Saved entries:
-------------------------

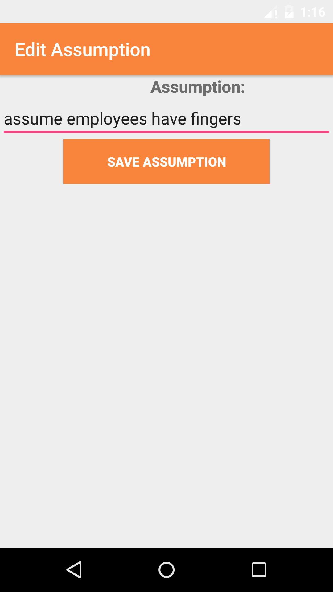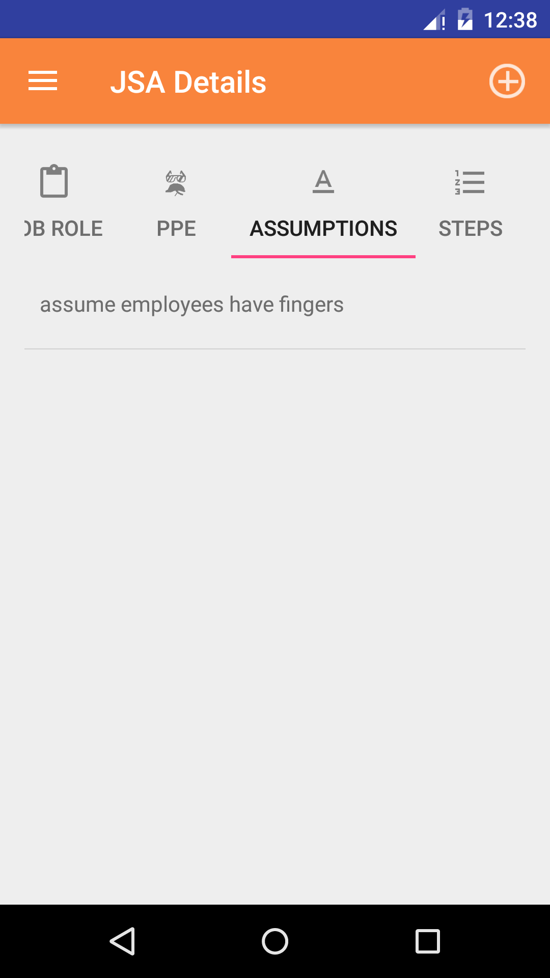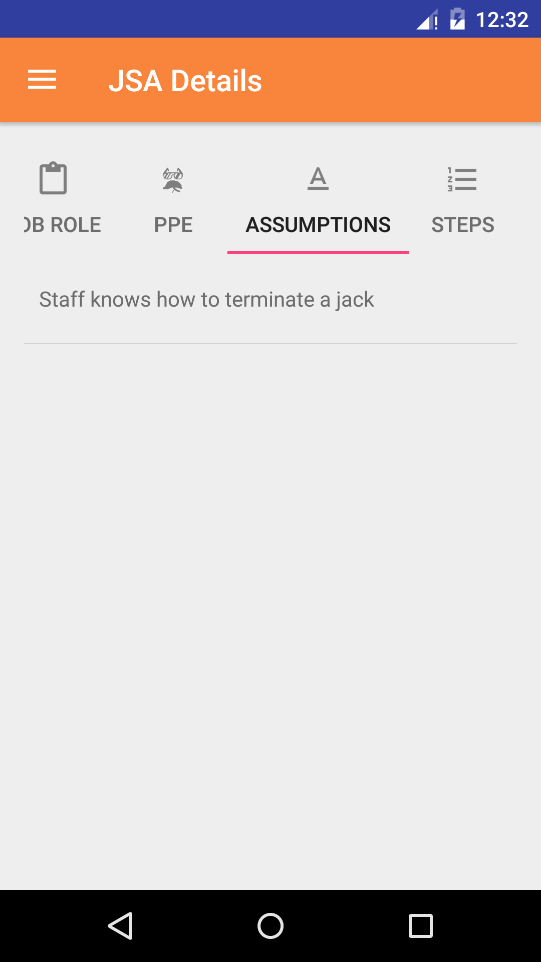 - Tap the fifth tab, the Assumption tab of the History view. This loads the list of the assumption that were added for the Job Safety Analysis.
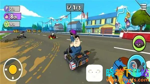 《恶搞之家卡丁车》手机版是一款超有趣的赛车游戏。它以同名美国喜剧动画片为原作改编,集结了众多标志性角色,每位角色都有专属卡丁车。游戏延续传统卡丁车操作逻辑,上手简单但有策略深度,融入了恶搞之家独有的无厘头幽默风格,从角色台词到道具设计都充满笑点。
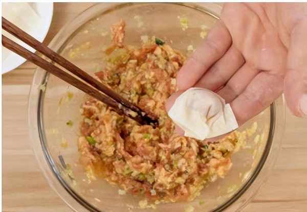 猪后腿肉 300 克|芹菜 100 克|鸡蛋 3 个|馄饨皮适量
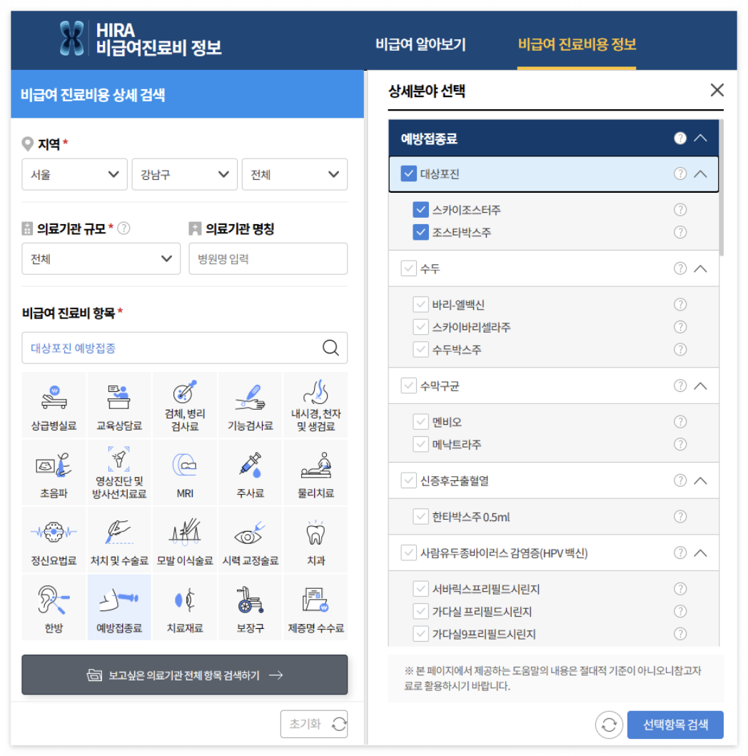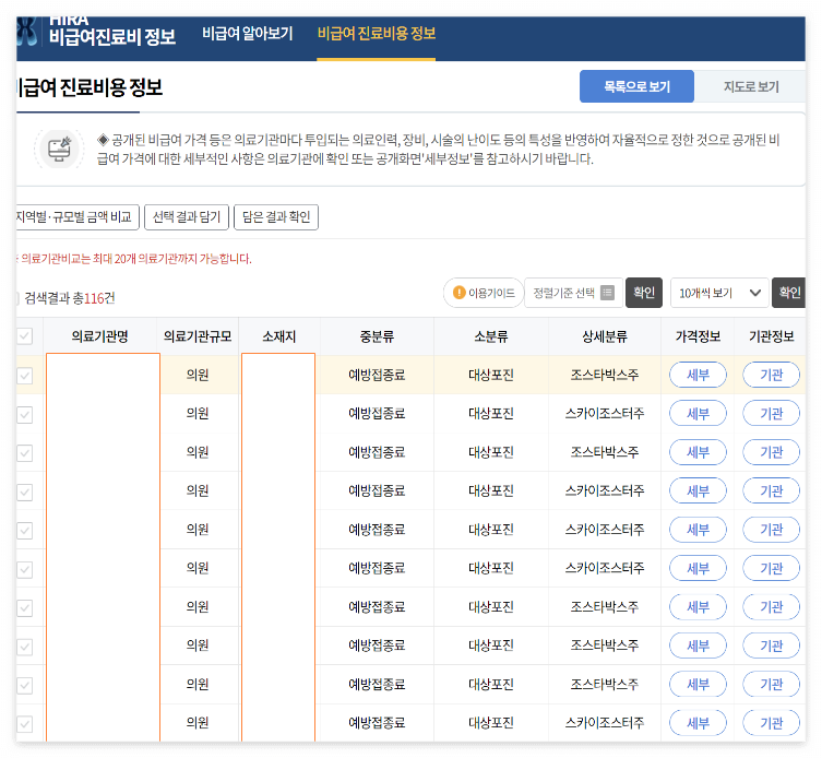 선택항목 검색을 클릭하시면 원하시는 지역에서 대상포진 접종이 가능한 병원을 확인하실 수 있습니다. 우측의 가격정보 세부를 클릭하시면 접종비용도 함께 확인이 가능합니다.
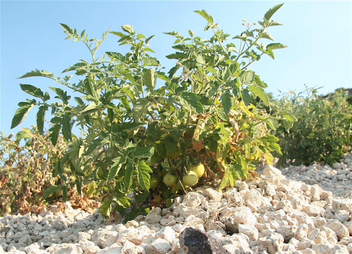 OK! The Famous Santorini Tomato. Just like the grapes, they're all `dry-farmed,' and never watered, since there is no water around to do so with. You get kind of hard and pasty (but very flavorful!) tomatoes by the end, and use them in salads. Apparently they're hip in Bay Area farmers' markets these days, too.
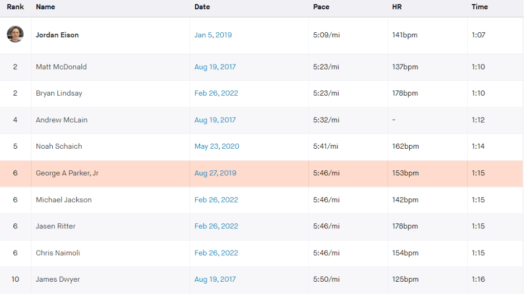 Mile 3 is where championships are won, and PRs are made. You will continue rolling over hills for the first part of the mile. Once you pass the Coca-Cola Global Headquarters on your right, it’s time to go to work. A 400m hill climb on Luckie Street with a 4% grade is ahead. To me, this is the most testing part of the course that comes at a critical time when lactic acid is pumping through your legs. Below is the Strava Leaderboard for Top 10 times up Luckie Hill. That’s me tied for 6th place, but definitely, that time was not during a race. At race pace, this climb will be a +70 second effort at a hard rate as your body screams for relief.
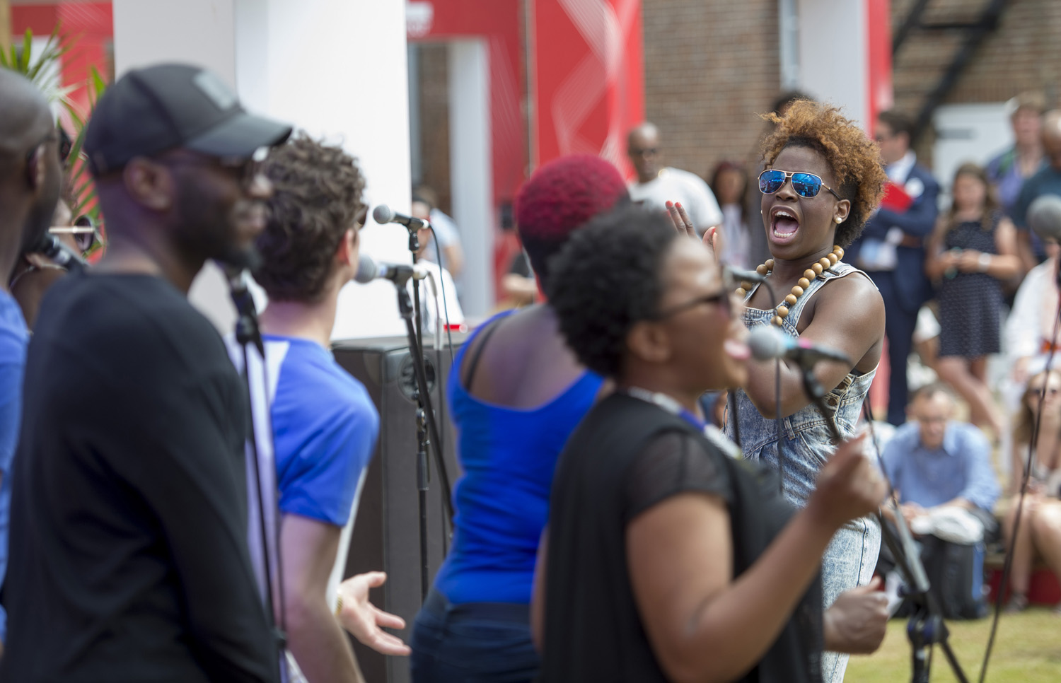 The House Gospel Choir entertains the crowds in Goodwood's Stable Yard, 2015
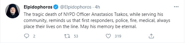 Σε ανάρτηση του στο Twitter ο Αρχιεπίσκοπος Αμερικής Ελπιδοφόρος αναφέρθηκε στην προσφορά του αστυνομικού στην κοινότητα. «Ο Τραγικός θάνατος του Αναστάσιου Τσάκου αστυνομικου του Αστυνομικού Τμήματος Νέας Υόρκης κατά την διάρκεια υπηρεσίας αλλά και προσφοράς στον συνάνθρωπο μας υπενθυμίζει ότι όλοι οι αστυνομικοί, πυροσβέστες και ιατρικό προσωπικό ρισκάρουν την ζωή τους για εμάς. Αιωνία του η μνήμη» έγραψε.
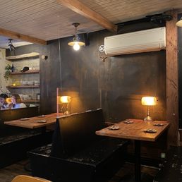 5/5 Food - wonderful mix of flavors Korean tapas 5/5 Atmosphere - dimly lit 5/5 Service - attentive and quick We got seated immediately at the bar for 2 people on a busy Saturday night (definitely got lucky as this place was packed). We shared 5 dishes + desert between the two of us which was maybe a tad too much food even though we were really hungry. The highlight for me was 100% the edamame dumplings with this delicious truffle sauce and Parmesan sprinkled on top. This was the chefs kiss! The beef steak was quite good too. The noodles had a kick and could be skipped. The tacos were good too. The empanadas were find also could be skipped but the sauce really made this dish. The berry bread pudding was really good too. The staff was helpful and friendly. They have outside seating too. The wait can be long depending when you go. The atmosphere is perfect for a first date or a night with friends or family.
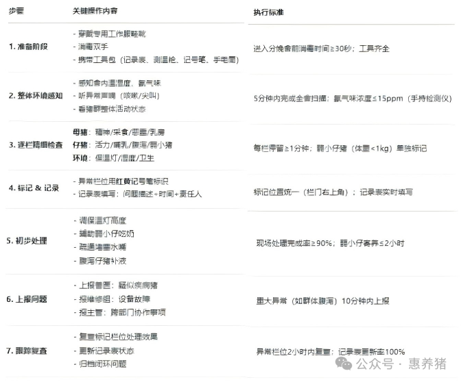 1、频次:至少每天4次(早晨喂料前、上午、下午喂料后、晚上最后一次喂料后/熄灯前)。产后24-72小时母猪及仔猪应增加巡视频次(如每1-2小时)。
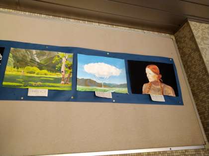 正面玄関スペースには、3年生の美術の絵画作品や風紀委員ポスターをはじめ、たくさんの情報が掲示されています。
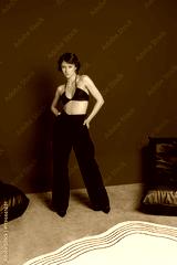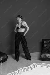 stylish model stands confidently with hands on her hips, showcasing a black crop top and high-waisted pants
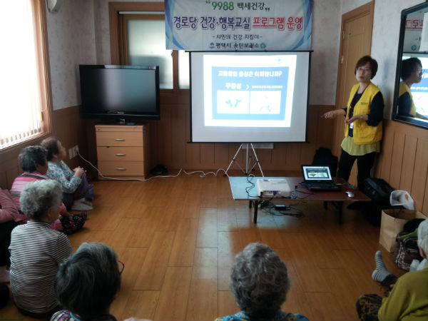 [평택시민신문 배두순 기자] 평택시에서는 경로당을 대상으로 보건소 방문간호 전문 인력 및 지역 내 운동전문 강사와 백세건강관리팀을 구성하여 ‘경로당 건강, 행복 교실프로그램’을 운영 노년기 건강증진을 도모 하는데 주력하고 있다.
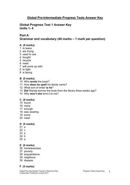 Download PDF Online GLOBAL ANSWERS KEY PROGRESS TESTS B INTERMEDIATE Tutorial Free Reading PDF
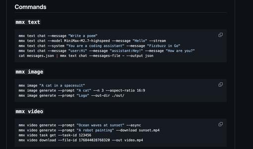 MMX-CLI提供全面的多模态能力,包括多回合文本对话和流媒体输出、可调整尺寸和批量生成的图像、支持异步处理和进度跟踪的视频生成、多语音文本转语音和流媒体播放、带歌词的音乐创作,以及图像理解和描述功能,帮助AI Agent高效完成创作和分析任务。

-------------------------

**What is expected**
With all pictures omitted, return exactly the lines from the one containing "Download PDF Online" through the end of the entries above.

**Answer to this exercise**
 Download PDF Online GLOBAL ANSWERS KEY PROGRESS TESTS B INTERMEDIATE Tutorial Free Reading PDF
 MMX-CLI提供全面的多模态能力,包括多回合文本对话和流媒体输出、可调整尺寸和批量生成的图像、支持异步处理和进度跟踪的视频生成、多语音文本转语音和流媒体播放、带歌词的音乐创作,以及图像理解和描述功能,帮助AI Agent高效完成创作和分析任务。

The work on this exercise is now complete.